## Task description
The answer must be a word-for-word copy of the records below, with every picture left out.

Items listed in a dataset
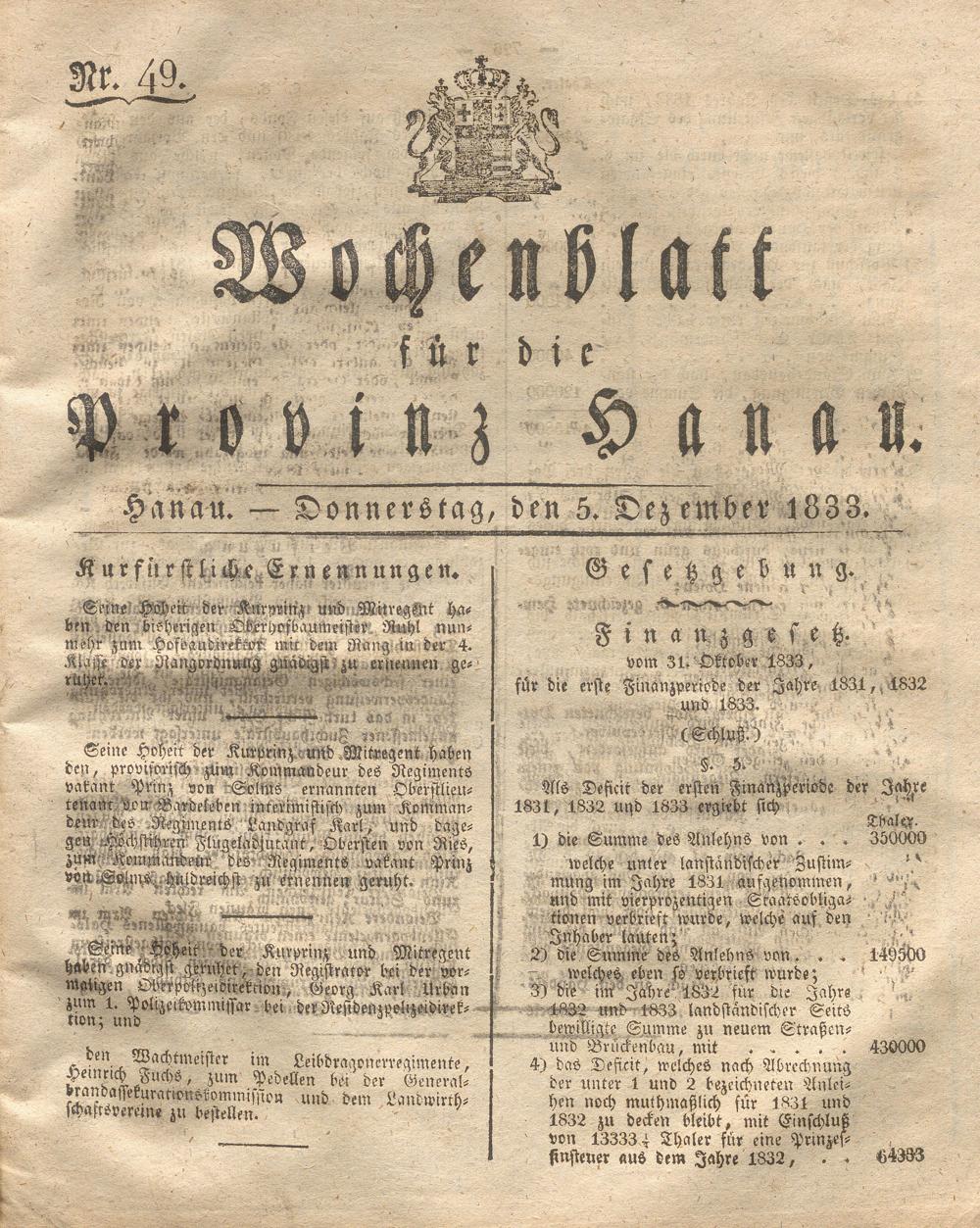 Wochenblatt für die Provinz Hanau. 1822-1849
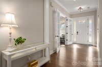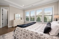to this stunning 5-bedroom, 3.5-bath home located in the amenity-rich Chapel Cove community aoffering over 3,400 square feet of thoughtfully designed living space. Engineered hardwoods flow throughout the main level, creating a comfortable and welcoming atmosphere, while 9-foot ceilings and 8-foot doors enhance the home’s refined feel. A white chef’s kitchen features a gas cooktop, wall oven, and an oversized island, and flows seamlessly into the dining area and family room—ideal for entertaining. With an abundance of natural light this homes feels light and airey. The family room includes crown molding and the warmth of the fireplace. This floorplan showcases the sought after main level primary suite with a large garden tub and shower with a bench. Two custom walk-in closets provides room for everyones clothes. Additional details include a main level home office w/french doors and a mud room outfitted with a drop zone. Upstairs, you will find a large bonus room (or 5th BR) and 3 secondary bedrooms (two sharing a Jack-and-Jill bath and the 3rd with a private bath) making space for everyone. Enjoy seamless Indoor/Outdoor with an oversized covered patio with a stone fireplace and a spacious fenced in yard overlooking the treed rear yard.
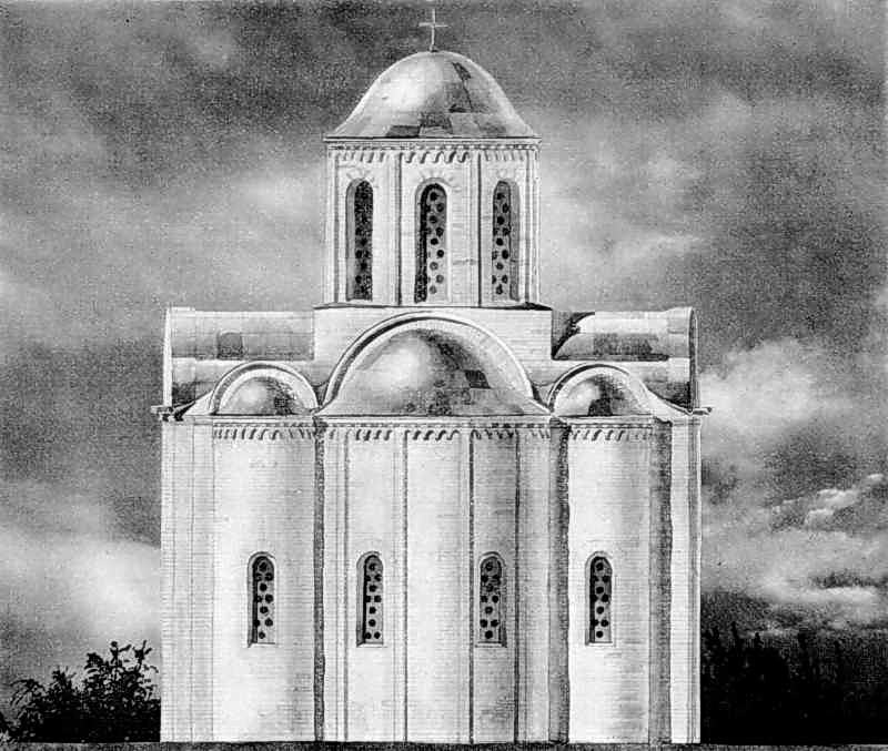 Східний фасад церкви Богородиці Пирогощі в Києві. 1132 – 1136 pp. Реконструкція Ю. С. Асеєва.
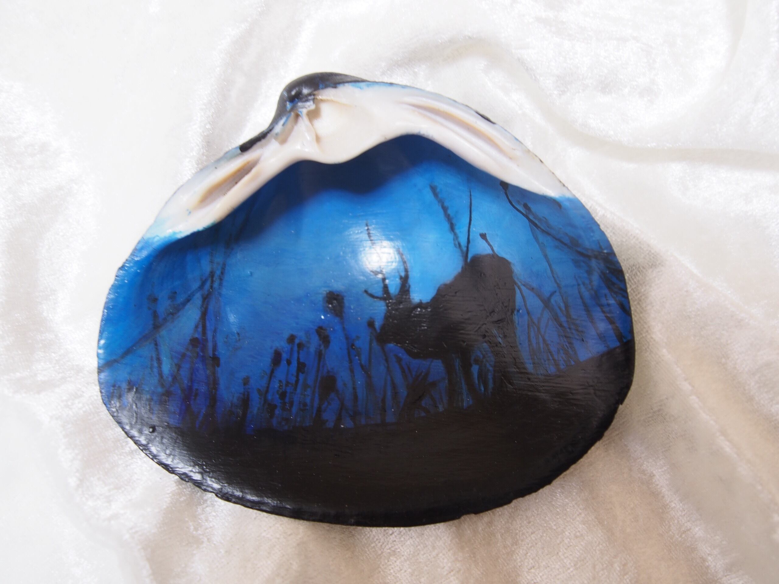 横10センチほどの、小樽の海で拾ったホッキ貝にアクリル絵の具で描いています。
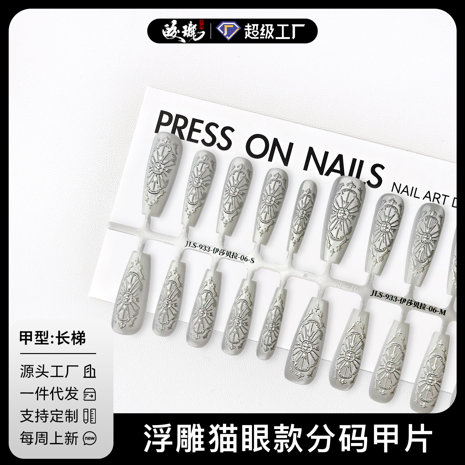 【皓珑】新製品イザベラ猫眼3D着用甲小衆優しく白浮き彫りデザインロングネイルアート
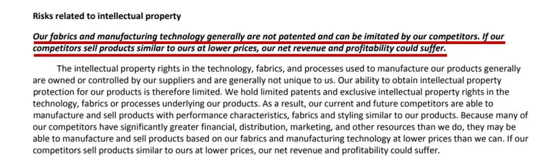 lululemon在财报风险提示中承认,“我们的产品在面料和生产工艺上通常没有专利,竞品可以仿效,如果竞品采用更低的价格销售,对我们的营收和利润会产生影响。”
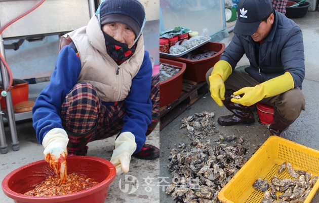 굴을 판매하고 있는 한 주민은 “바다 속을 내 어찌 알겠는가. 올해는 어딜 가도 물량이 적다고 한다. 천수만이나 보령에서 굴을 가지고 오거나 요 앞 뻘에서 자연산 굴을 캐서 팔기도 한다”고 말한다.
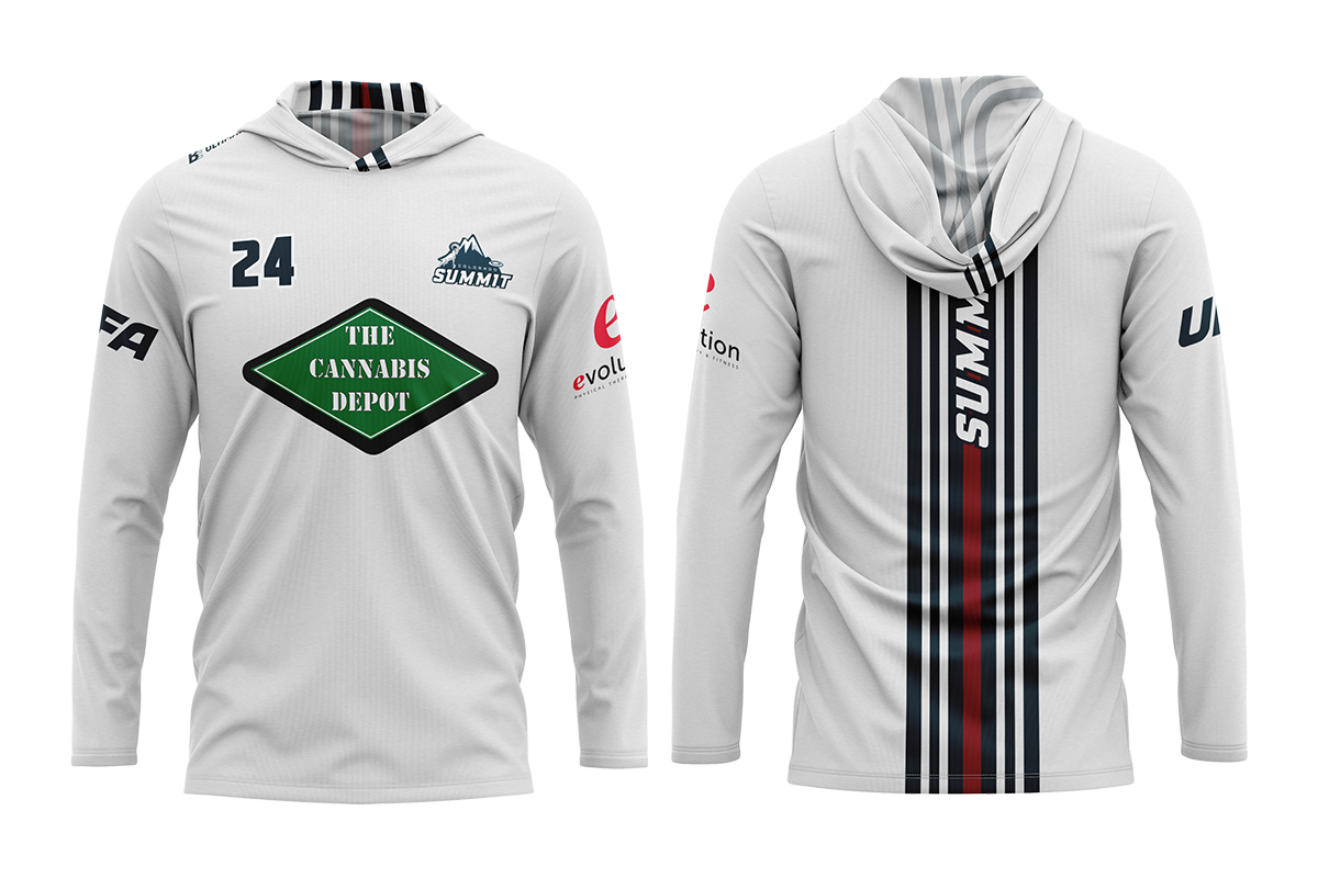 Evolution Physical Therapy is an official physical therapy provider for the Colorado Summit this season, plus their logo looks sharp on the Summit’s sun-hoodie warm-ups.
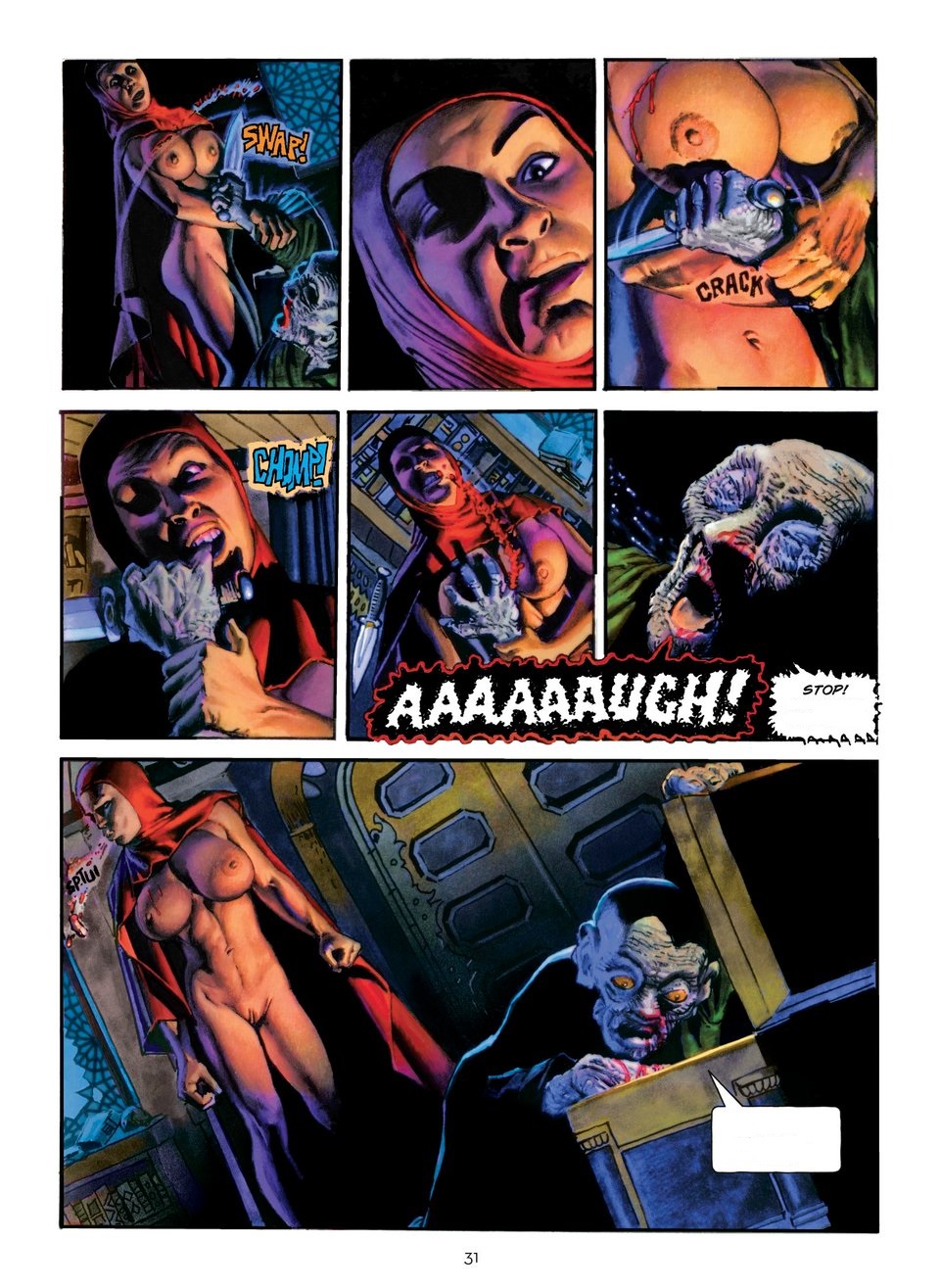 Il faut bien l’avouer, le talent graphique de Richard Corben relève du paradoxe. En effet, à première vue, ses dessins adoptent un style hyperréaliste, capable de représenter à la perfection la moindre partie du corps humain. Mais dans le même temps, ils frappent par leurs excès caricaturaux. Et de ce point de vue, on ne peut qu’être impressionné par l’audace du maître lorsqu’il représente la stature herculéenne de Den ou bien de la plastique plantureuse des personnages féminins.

## Result below
 Wochenblatt für die Provinz Hanau. 1822-1849
to this stunning 5-bedroom, 3.5-bath home located in the amenity-rich Chapel Cove community aoffering over 3,400 square feet of thoughtfully designed living space. Engineered hardwoods flow throughout the main level, creating a comfortable and welcoming atmosphere, while 9-foot ceilings and 8-foot doors enhance the home’s refined feel. A white chef’s kitchen features a gas cooktop, wall oven, and an oversized island, and flows seamlessly into the dining area and family room—ideal for entertaining. With an abundance of natural light this homes feels light and airey. The family room includes crown molding and the warmth of the fireplace. This floorplan showcases the sought after main level primary suite with a large garden tub and shower with a bench. Two custom walk-in closets provides room for everyones clothes. Additional details include a main level home office w/french doors and a mud room outfitted with a drop zone. Upstairs, you will find a large bonus room (or 5th BR) and 3 secondary bedrooms (two sharing a Jack-and-Jill bath and the 3rd with a private bath) making space for everyone. Enjoy seamless Indoor/Outdoor with an oversized covered patio with a stone fireplace and a spacious fenced in yard overlooking the treed rear yard.
 Східний фасад церкви Богородиці Пирогощі в Києві. 1132 – 1136 pp. Реконструкція Ю. С. Асеєва.
 横10センチほどの、小樽の海で拾ったホッキ貝にアクリル絵の具で描いています。
 【皓珑】新製品イザベラ猫眼3D着用甲小衆優しく白浮き彫りデザインロングネイルアート
 lululemon在财报风险提示中承认,“我们的产品在面料和生产工艺上通常没有专利,竞品可以仿效,如果竞品采用更低的价格销售,对我们的营收和利润会产生影响。”
 굴을 판매하고 있는 한 주민은 “바다 속을 내 어찌 알겠는가. 올해는 어딜 가도 물량이 적다고 한다. 천수만이나 보령에서 굴을 가지고 오거나 요 앞 뻘에서 자연산 굴을 캐서 팔기도 한다”고 말한다.
 Evolution Physical Therapy is an official physical therapy provider for the Colorado Summit this season, plus their logo looks sharp on the Summit’s sun-hoodie warm-ups.
 Il faut bien l’avouer, le talent graphique de Richard Corben relève du paradoxe. En effet, à première vue, ses dessins adoptent un style hyperréaliste, capable de représenter à la perfection la moindre partie du corps humain. Mais dans le même temps, ils frappent par leurs excès caricaturaux. Et de ce point de vue, on ne peut qu’être impressionné par l’audace du maître lorsqu’il représente la stature herculéenne de Den ou bien de la plastique plantureuse des personnages féminins.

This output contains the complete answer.